Sometimes, she thought ruefully, the world is so much sicker than the inmates of its institutions. She remembered Tilda, in the hospital in Germany, at a time when Hitler was on the other side of its walls and not even she could say which side was sane. Tilda’s murderous hate, bound down on beds, tube-fed, and drugged into submission, could still fade long enough to let the light in now and then. She remembered Tilda looking up at her, smiling in a travesty of genteel politeness from the canvas-bound bed, and saying, “Oh, do come in, dear Doctor. You are just in time for the patient’s soothing tea and the end of the world.”

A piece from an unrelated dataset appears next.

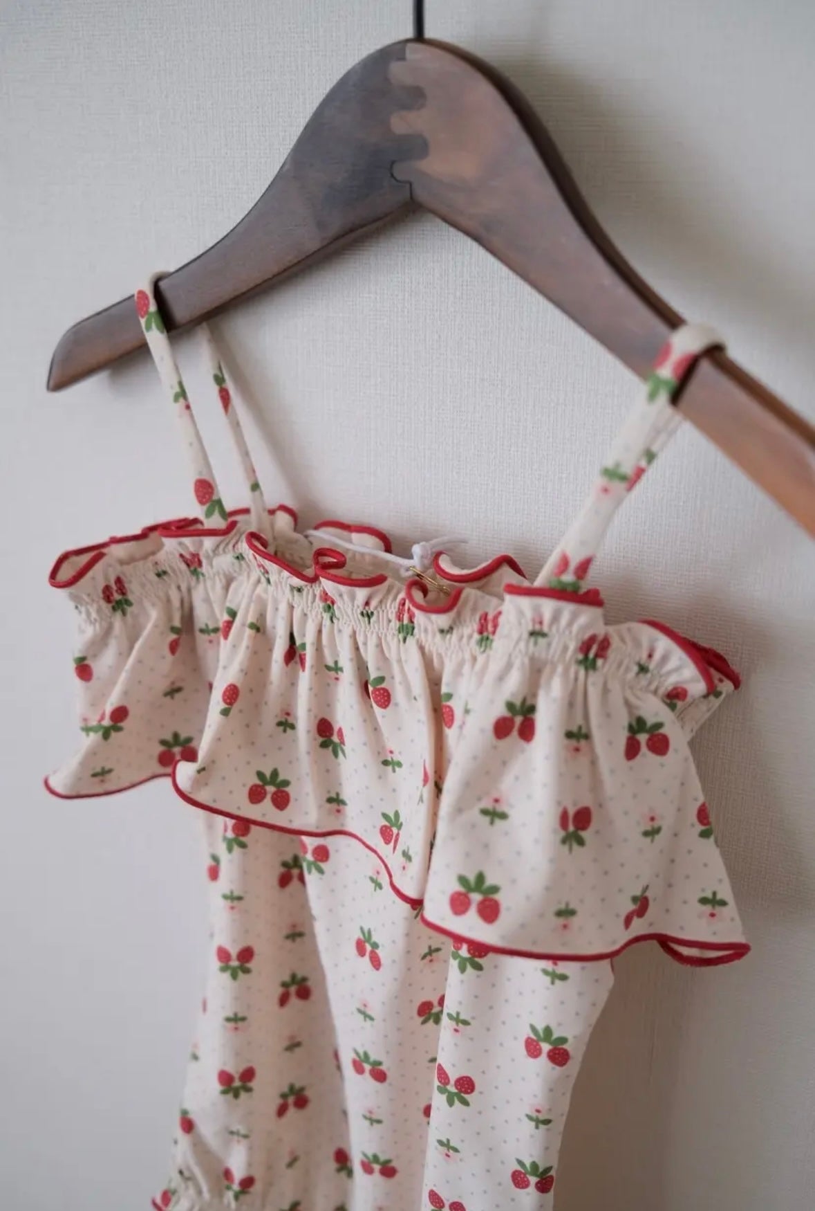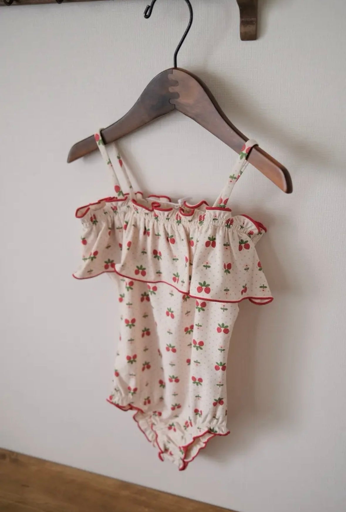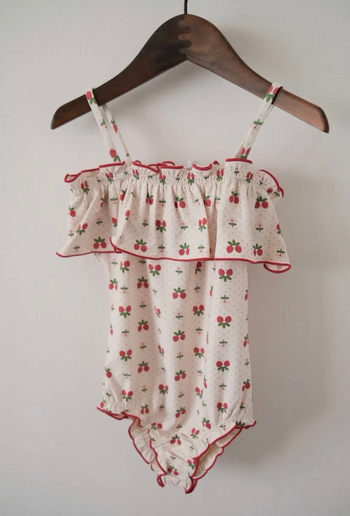 イチゴのプリントが全面に施された子供らしくかわいい水着です♪
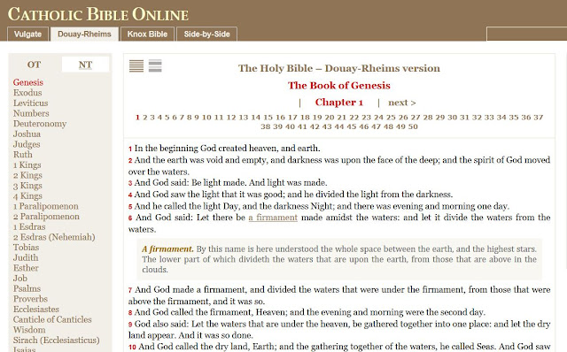 Baronius Press has just launched a new website: www.CatholicBible.Online, with the full texts of the Clementina Vulgata, the Douay-Rheims Bible (Challoner revision, 1899 printing) and the Knox Bible.

Tilda and Hitler were both gone and now there was more and more to tell the younger doctors who were coming out of the schools with too little experience of life. Is it fair to take private patients when any real improvement may take years, and when thousands and tens of thousands are clamoring, writing, phoning, and begging for help? She laughed, catching in herself the vanity she had once called the doctor’s greatest enemy next to his patient’s illness. If one by one was good enough for God, it would have to do for her.
She sat down with the folder, opened it, and read it through:
BLAU, DEBORAH F. 16 yrs. Prev. Hosp: None
INITIAL DIAG: SCHIZOPHRENIA.
Testing: Tests show high (140-150) intelligence, but patterns disturbed by illness. Many questions misinterpreted and overpersonalized. Entire subjective reaction to interview and testing. Personality tests show typically schizophrenic pattern with compulsive and masochistic component.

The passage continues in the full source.